Exercise material: Begin

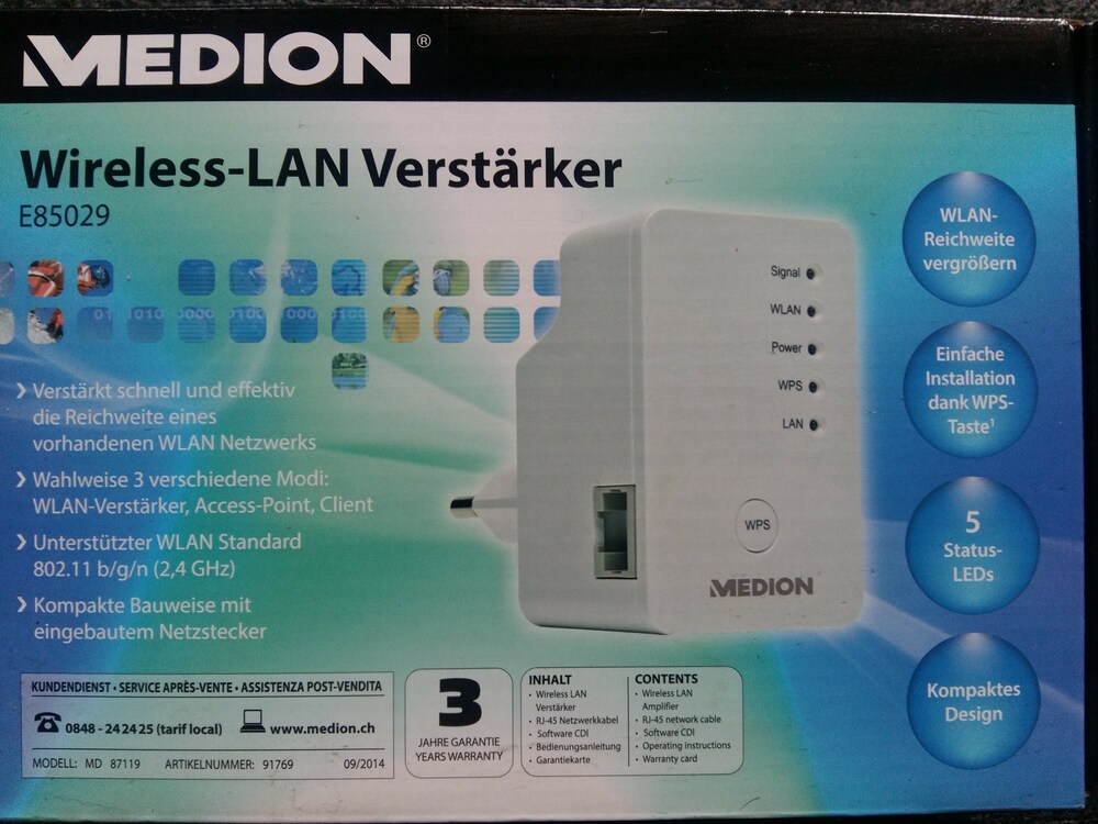 wenn du keine empfang hast in eine zimmer,nur im steckdose einstecken und los geht
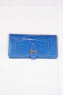 エルメス 財布 ベアンスフレ アリゲーター ブルーゼリージュ ゴールド金具 Z刻印 箱付き S品
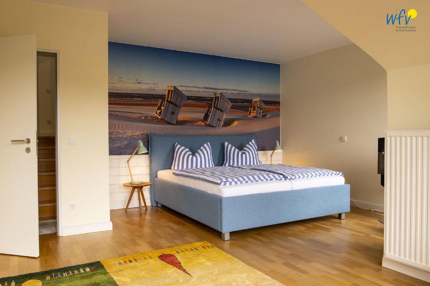 Durch vier separate Schlafzimmer bestehen im "Haus im Süden" angenehme Rückzugsmöglichkeiten. Drei der Zimmer sind jeweils mit einem Doppelbett ausgestattet. In einem weiteren Schlafraum befinden sich zwei Einzelbetten (90x200 cm), die als moderne originelle Kojen angefertigt wurden und somit besonders Kindern einen wunderschönen Schlafbereich bieten. Für alle Betten wurden spezielle Allergikermatratzen angeschafft.
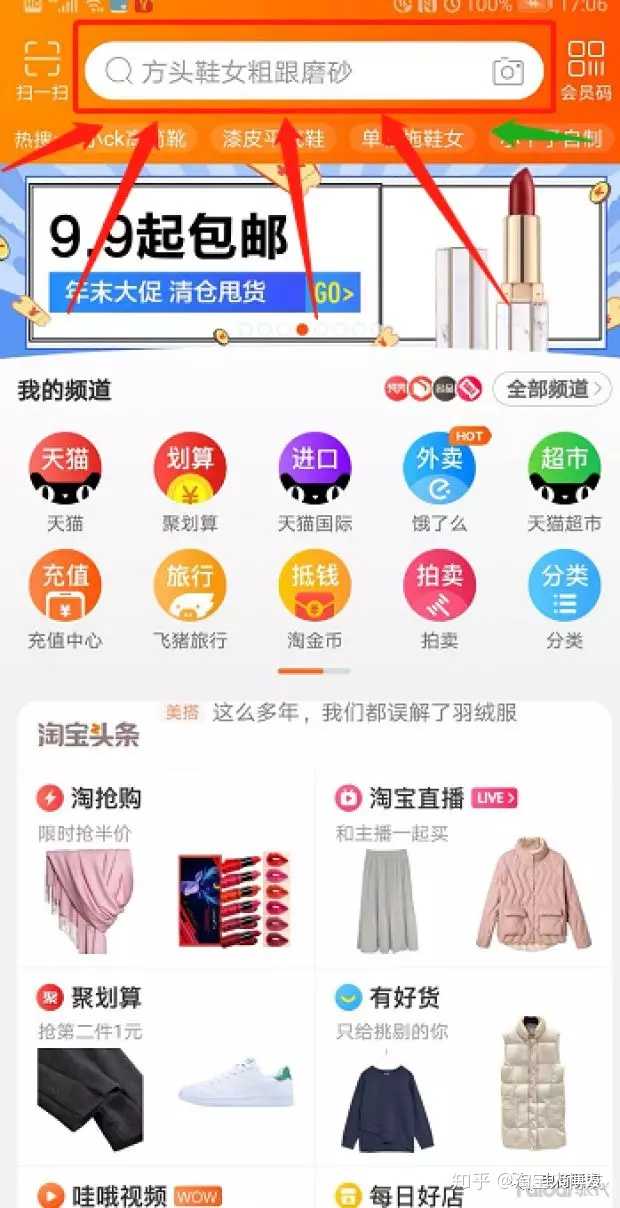 (1)首先,直接在淘宝首页搜索关键词。这里注意,淘宝首页搜索框搜,而不是淘金币搜索框,注意区别点。
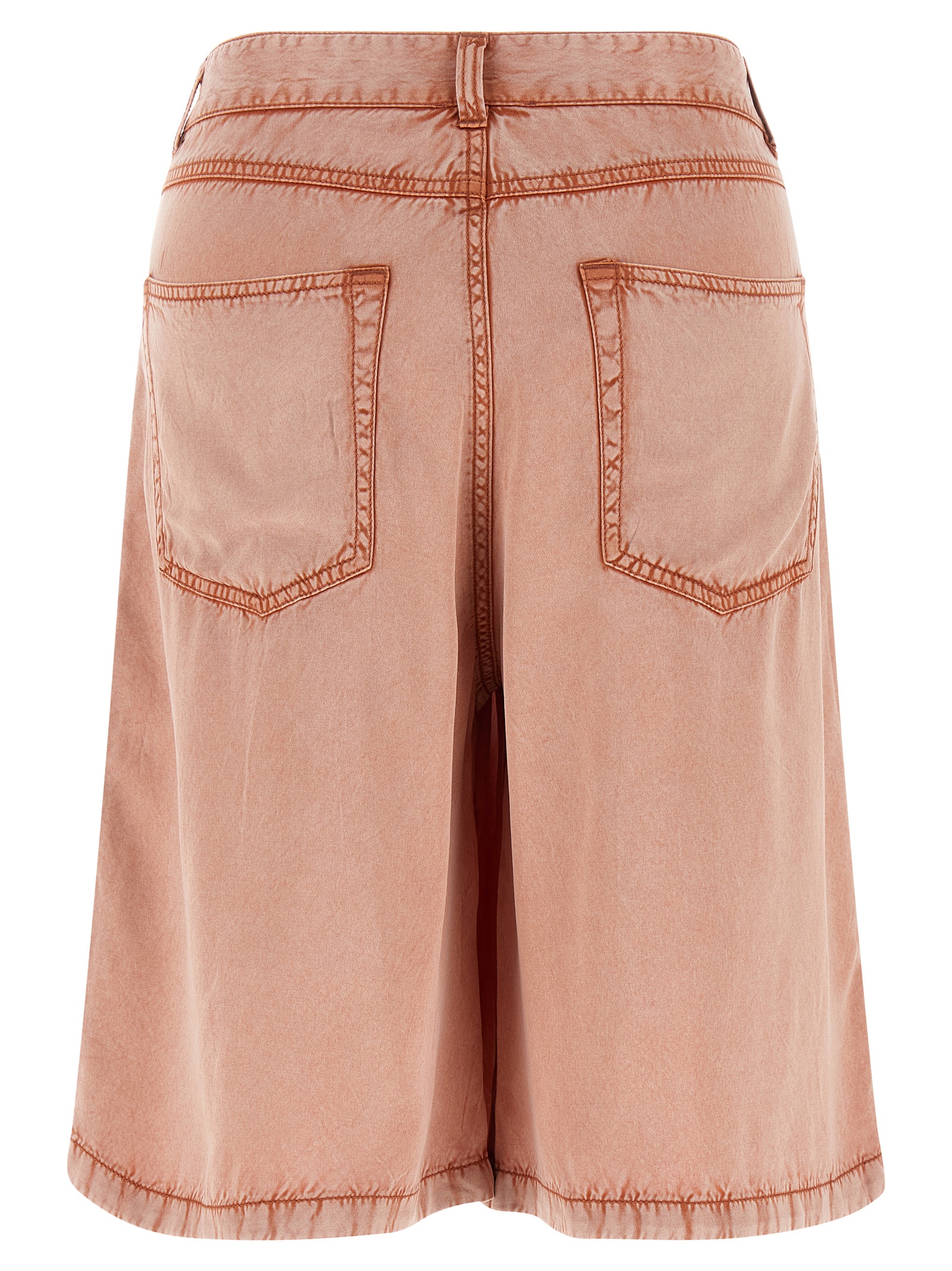 ‘P-Desi’ fluid viscose bermuda shorts with trompe l’oeil jeans print, flared, wide leg, zip and front button closure, five pockets.

Exercise material: End

Task item =>
Repeat the listing above word for word, omitting the pictures.

Solution =>
 wenn du keine empfang hast in eine zimmer,nur im steckdose einstecken und los geht
 エルメス 財布 ベアンスフレ アリゲーター ブルーゼリージュ ゴールド金具 Z刻印 箱付き S品
 Durch vier separate Schlafzimmer bestehen im "Haus im Süden" angenehme Rückzugsmöglichkeiten. Drei der Zimmer sind jeweils mit einem Doppelbett ausgestattet. In einem weiteren Schlafraum befinden sich zwei Einzelbetten (90x200 cm), die als moderne originelle Kojen angefertigt wurden und somit besonders Kindern einen wunderschönen Schlafbereich bieten. Für alle Betten wurden spezielle Allergikermatratzen angeschafft.
 (1)首先,直接在淘宝首页搜索关键词。这里注意,淘宝首页搜索框搜,而不是淘金币搜索框,注意区别点。
 ‘P-Desi’ fluid viscose bermuda shorts with trompe l’oeil jeans print, flared, wide leg, zip and front button closure, five pockets.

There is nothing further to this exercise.